Reasons to be cheerful
There are, at least, some positive aspects to the situation to help us retain some optimism.
Our children do not seem to be affected by the virus
Most of us can distance ourselves in comfortable surroundings in a setting in which we feel safe (i.e. our homes)
We have great benefits from technology and most of us now have the means to communicate for work, education, social and leisure activity
The government is active in giving out funds as needed. There is also plentiful information on the ever-changing situation in the media
Health workers are being applauded for their unselfish contribution and the ‘outbreak of altruism’ in terms of neighbourhood schemes and volunteering is heartening
The environment seems to be taking a break from pollution – in London bird song can be heard and seems more plentiful. We also benefit in London from mild spring weather. As stated on the European website:
As we look up at the quiet of empty skies above us; rejoice at the return of marine life to Venice’s canals; and marvel at the dramatic improvements in air quality in the world’s cities – so we can hope that the unfolding tragedy of the coronavirus will at least have long-term environmental benefits. We may, for example, conclude that periodic shutdowns of normal human activity, if pre-planned, would be a blessing – how about an annual World Respiration Month? (30 March 2020) N Whitney
The virus pandemic will pass… and lessons will be learned.

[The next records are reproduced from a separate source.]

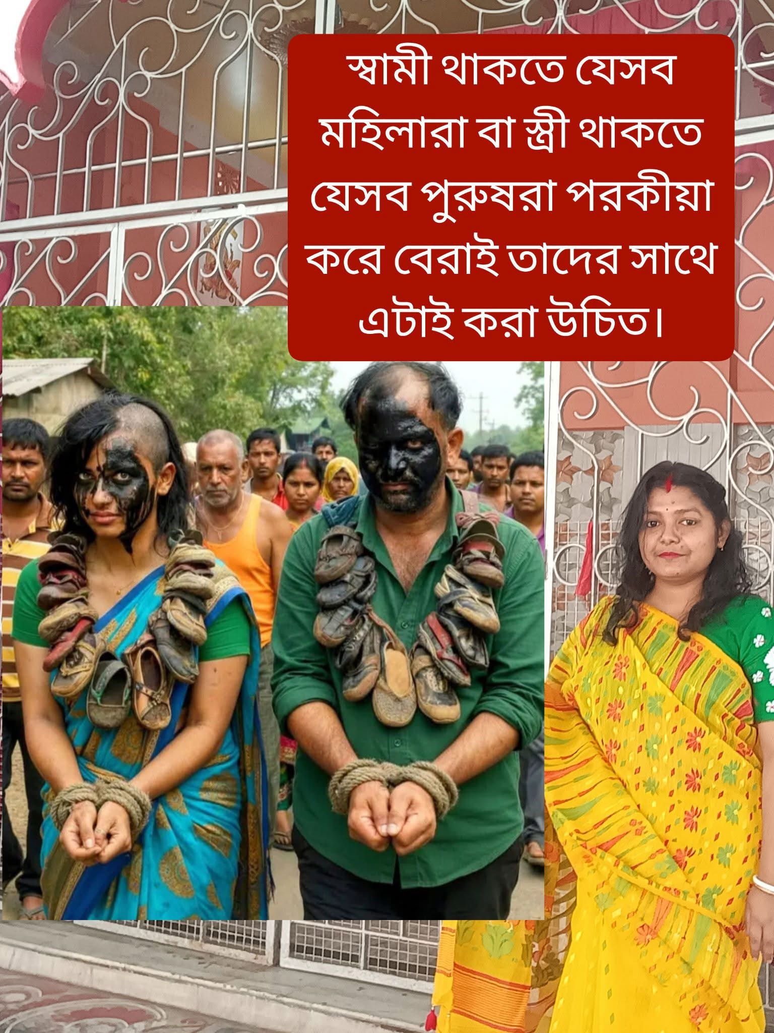 স্বামী থাকতে যেসব মহিলারা বা স্ত্রী থাকতে যেসব পুরুষেরা পরকীয়া করে বেরাই তাদের সাথে এরকম করাটাই উচিত👍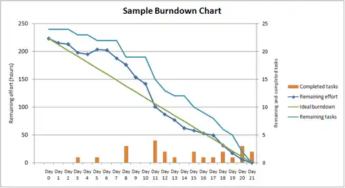 Harmonogram projektu používaný obvykle ve formě Gantova grafu pro klasické řízení projektu bývá nahrazen, nebo doplněn tak zvaným Burndown grafem. Burndown chart (graf) ukazuje množství práce a splněných úkolů v rámci jedné iterace. Používá se forma, kdy původní pro iteraci plánovaný objem práce a úkolů ubývá. Projektový tým jakoby „spaluje“ práci, která je před ním.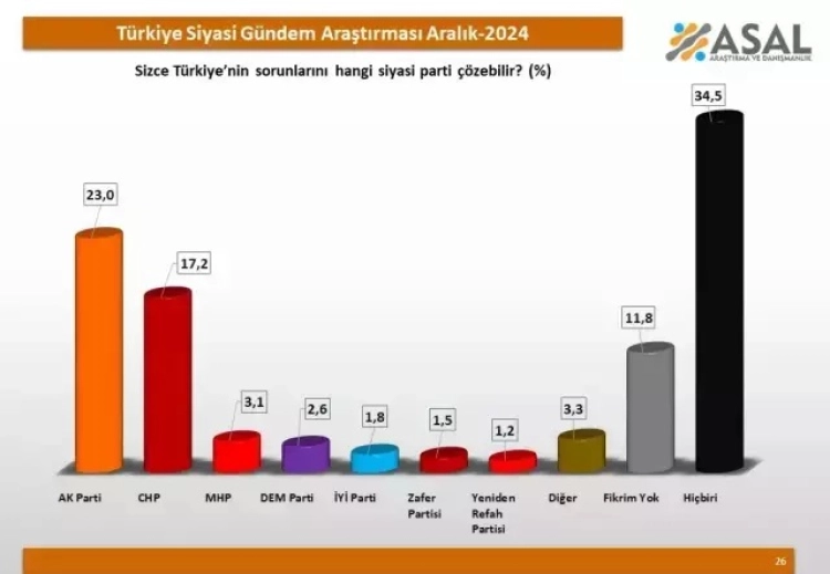 Asal Araştırma'nın yılın son ayında gerçekleştirdiği anketten çarpıcı sonuçlar çıktı. Araştırma şirketi, 9-12 Aralık tarihleri arasında 26 ilde bin 860 katılımcıya, Türkiye'nin ekonomi, eğitim, hukuk ve sağlık sistemiyle ilgili sorunlarını hangi partinin çözebileceğini sordu. Halkın umutsuzluğu anket sonuçlarına yansıdı.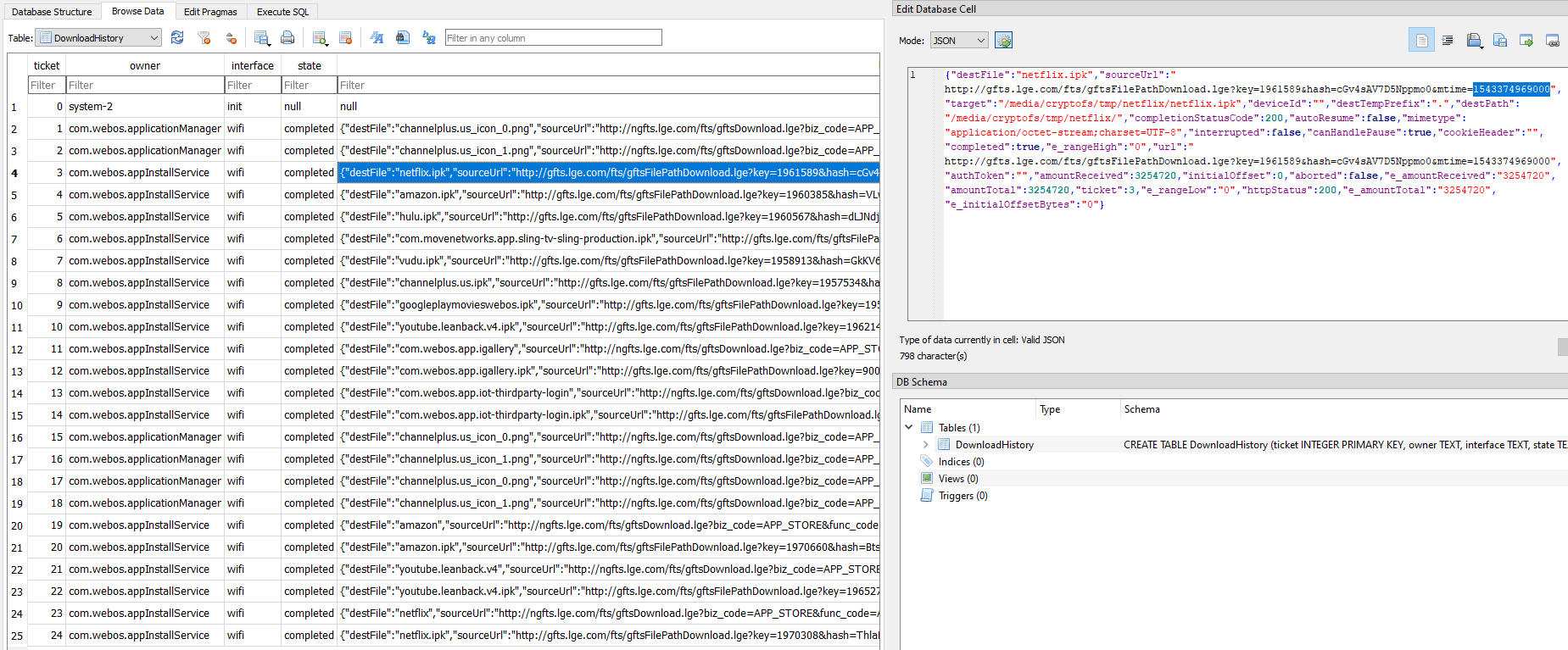 Файл "/var/luna/data/downloadhistory.db" содержит информацию об установленных приложениях. Для каждой установки доступен встроенный файл JSON. Он содержит информацию о конкретном приложении, включая временные метки. В этом наборе данных установлены различные приложения, такие как Netflix, Amazon Prime Video, Vudu, ChannelPlus, Sling и YouTube.

As others, I have had much opportunity to read in the last weeks. I have just completed a very engaging book, which ironically, involves a character put under house arrest in a hotel for 35 years! This seems topical. ‘
A Gentleman of Moscow by Amor Towles, depicts a Russian aristocrat punished by Bolsheviks for his assumed anti-revolutionary views in 1917 by enforced and indefinite house arrest in his then residence in the rather luxurious Metropol Hotel central Moscow. He eventually leaves forty years later, the hotel meanwhile, encompassing his whole world.
The book is a keen observation not only of social survival but adaptation to restricted circumstances to which with attuned social skills, keen coping, optimism and wonderful gourmet observations of Count Alexander Rostov leads to his reflection of how lucky he has been in life. The hotel proved something of a safe haven as the most dire, political conflicts of the 20th century unfold. His friend Mishka, writer and poet, whose life took a different path involving being deported to a labour camp, on refusing to edit from his commentary of exceptional Russian literature a quotation of Chekhov’s stating Russian bread wasn’t the best in the world, comments:
‘’Who would have imagined’, he said ‘when you were sentenced to life in the Metropol all those years ago, that you had just become the luckiest man in all of Russia’.”
Maybe we will yet find benefits from our current predicament – looking back after all this is over and maybe recalibrating our lives.